Here's a funny thing about the stock market right now: there's a war on, oil prices are jumping around, and everything feels chaotic. And yet, stocks keep going up. It's like watching someone calmly sip coffee while their house is on fire.
CNBC's Jim Cramer says this isn't an accident or some mass delusion. The real force pushing stocks higher isn't geopolitics—it's something much more powerful and much simpler. It's interest rates. Or more specifically, the lack of pressure from them.
Cramer says investors have decisively chosen to lean on interest rates rather than panic over global conflict. That's helping fuel a sharp rebound, and it's quietly rewriting the old rules about what risks actually matter to the market.
The Real Engine: Low Rates
On Monday, Cramer pointed out that low interest rates continue to support equities even when the news feels awful. "I think I've been negligent in bringing up the power of low rates, because it's the reason the bulls keep winning when it seems like they should be slaughtered," he said. Then he added the kicker: "Let's not overthink it. If interest rates were spiking, this market would be very different."

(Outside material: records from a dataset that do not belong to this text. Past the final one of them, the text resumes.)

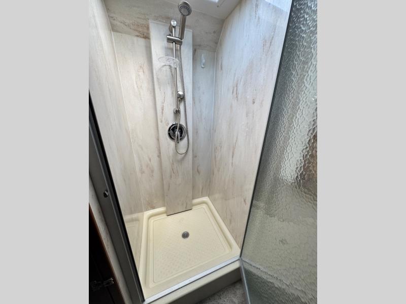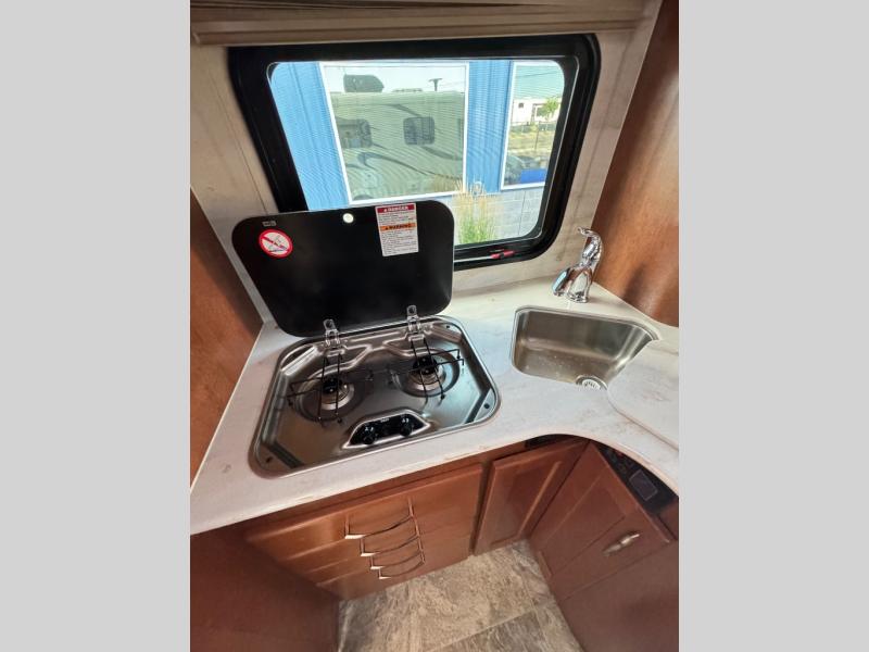 Plateau RB Motor Home, Driver and Passenger Seat Swivel, Table, Swing Out TV, Toilet, Shower, Furnace, Microwave, Refrigerator, Hanging Closet, Rear Bedroom with Permanent Rear Bed, Storage Below Bed, Swing Out TV, Slide Out Pantry, 2-Burner Range, Sink & Much More.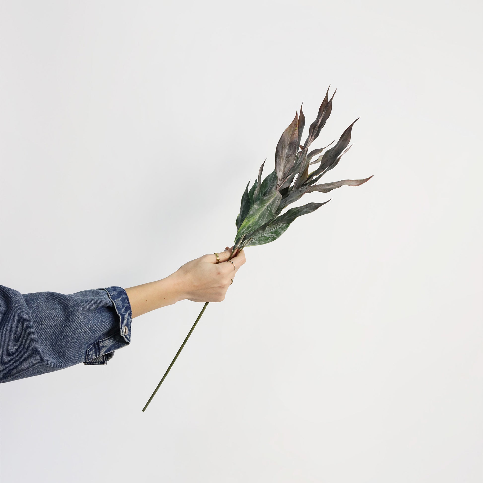Faux Frosted Burgundy Green Lanceolate Leaf Spray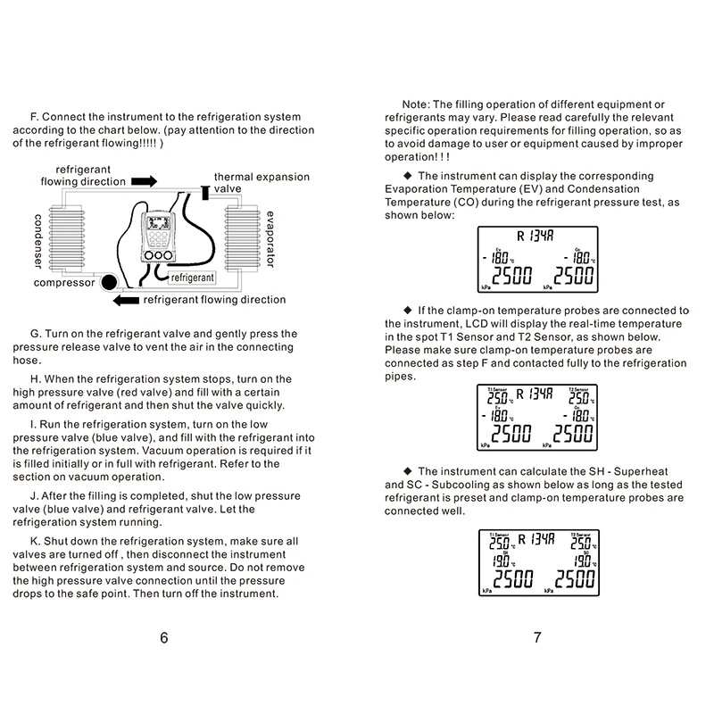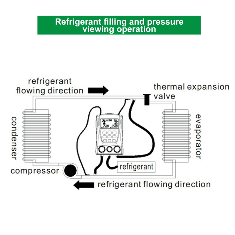 Интеллектуальный электронный хладагент-это вспомогательный инструмент для установки, тестирования и обслуживания холодильного оборудования, такого как кондиционеры и холодильное хранилище. Прибор имеет двойной тест давления, двойной температурный тест (нужен тестовый зажим, не входит в комплект), цифровое считывание, многофункциональное переключение, многофункциональная функция и встроенная база данных хладагента. В приборе используются высокопрочные инженерные пластмассы и гибкий нескользящий Силиконовый дизайн, вся машина прочная и удобная для удержания. Встроенный 32-битная цифровая обработка блок и высокой точности система сбора и обработки данных блок, которые ставят высокие данные и стабильности во всем мире. Большой размер жидкокристаллического дисплея, ЖК-дисплей задняя светильник поддержки, отображение данных четкий и удобный для чтения, удобный светильник операции. Долговечный клапан, 1/4 дюймовый стандартный дизайн интерфейса для обеспечения долговечности и универсальности прибора.Прибор может измерять двойное давление (манометрическое давление) одновременно, а также двойное измерение температуры (требуется тестовый зажим, не входит в комплект), с автоматическим мульти-единичным преобразованием давления, автоматическое преобразование температуры Цельсия/Фаренгейта, чтобы облегчить различные потребности. Встроенный 89 видов хладагента давления-испарения температуры базы данных, также рассчитать перегрев охлаждения, чтобы облегчить прямое считывание данных рабочих процессов. Также он проверяет процент измерения вакуума; Измерение утечки давления, запись Скорости времени утечки. Заслуживает того, чтобы этот многофункциональный, точный и просто управляемый цифровой коллектор позволял вам делать работу правильно.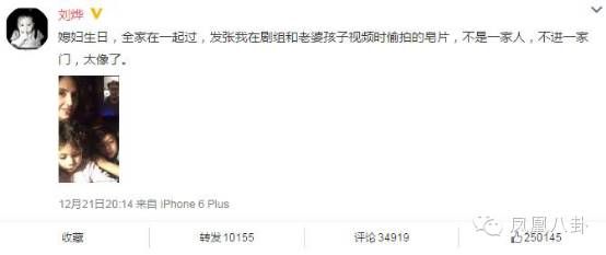 劉燁說:“媳婦生日,全家在壹起過,發張我在劇組和老婆孩子視頻時偷拍的皂片,不是壹家人,不進壹家門,太像了。”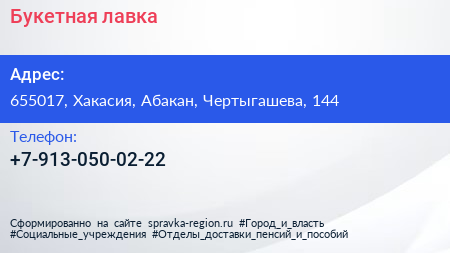 Букетная лавка по адресу 655017, Хакасия, Абакан, Чертыгашева, 144 в дальнейшем Организация, размещена в следующих категориях: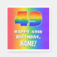 This exciting and vibrant birthday-themed paper napkin design features a large number “49” with a colorful rainbow spectrum inspired gradient pattern, along with the message “HAPPY 49th BIRTHDAY,”, and an editable recipient name. The background also features a joyful multicolored rainbow spectrum inspired gradient pattern. Birthday themed paper napkins like this might be used at a birthday party celebrating somebody’s 49th birthday. [~Z0000573]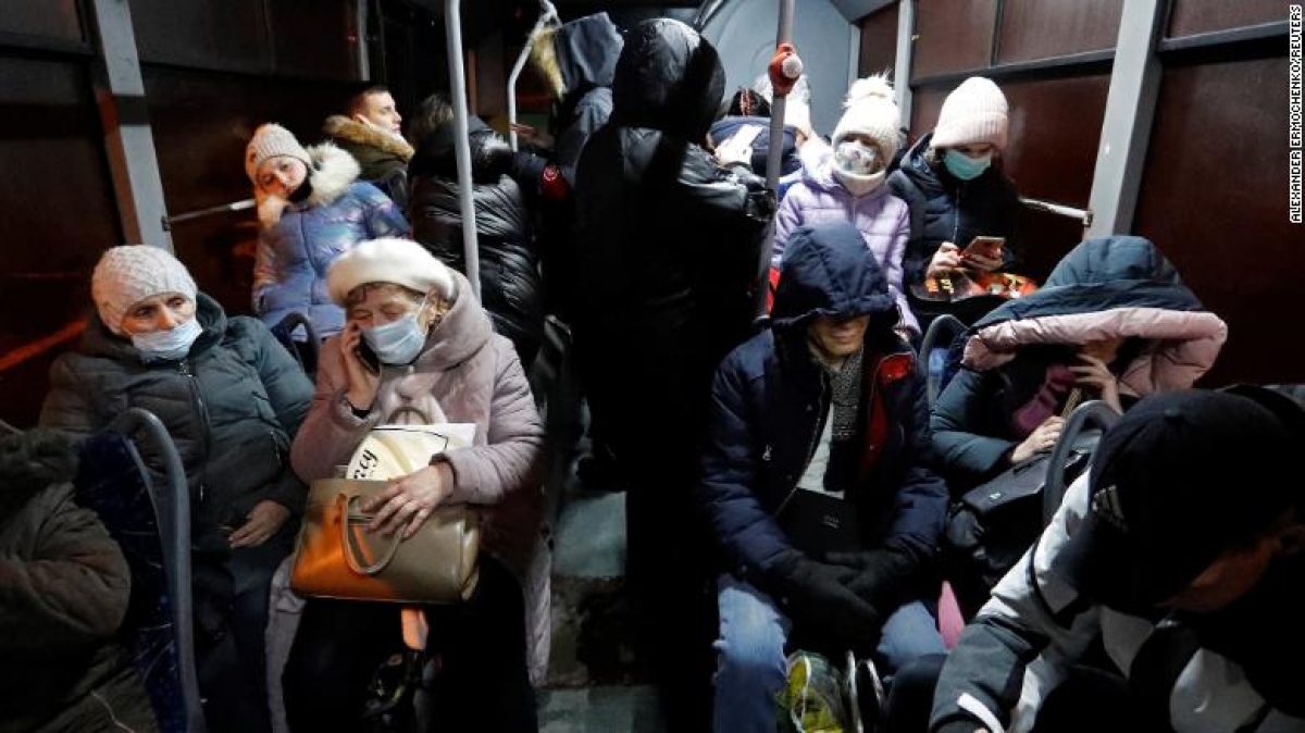 Người dân Donestk trên chuyến xe buýt sơ tán sang Nga ngày 18/2/2022. Ảnh: Reuters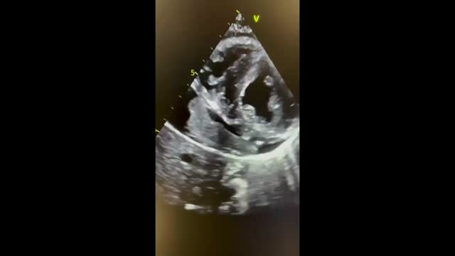 Ingresa en la unidad de cuidados intensivos pediátrica, donde se completa el estudio con ecocardiografía, que muestra un derrame pericárdico grave (fig. 1E, estrella), con signos incipientes de compromiso hemodinámico, y una masa hiperecogénica oscilante, sugestiva de hematoma pericárdico (fig. 1F y vídeo S1).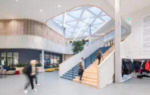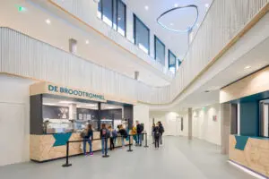 Wie het gebouw betreedt, stapt een oase van licht, lucht en ruimte binnen. Van Leeuwen legt uit: “We hebben in dit ontwerp bovengemiddeld veel aandacht gegeven aan licht en lucht. Overal ervaar je daglicht, doorkijkjes en lange zichtlijnen die uitlopen in de buitenruimte. Het is zo een open en zeer transparant gebouw geworden.” Wat bijdraagt aan die ervaring is de ruimtelijke indeling. Van Leeuwen en zijn team hebben niet gekozen voor één centrale aula, maar voor een sequentie van ruimtes die op een mooie manier in elkaar overvloeien.

It's one of those explanations that feels almost too simple. But in finance, the simple ones are often the right ones.
Markets Shrug Off the Shock
Let's look at what actually happened on Monday. The S&P 500 (SPY) rose 1.02% to close at 6,886.24—its highest close since the current conflict began. The Nasdaq Composite (QQQ) gained 1.23% to 23,183.74. The Dow Jones Industrial Average (DIA) added 301.68 points, or 0.63%, to finish at 48,218.25, clawing back from earlier losses.
Cramer noted that the S&P 500 is now within spitting distance of its January record, even with oil markets in disarray. "But history is being disobeyed and ignored," he observed. He pointed out a telling timeline: the 10-year Treasury yield peaked on March 27, and the stock market bottomed on March 30. That's not a coincidence.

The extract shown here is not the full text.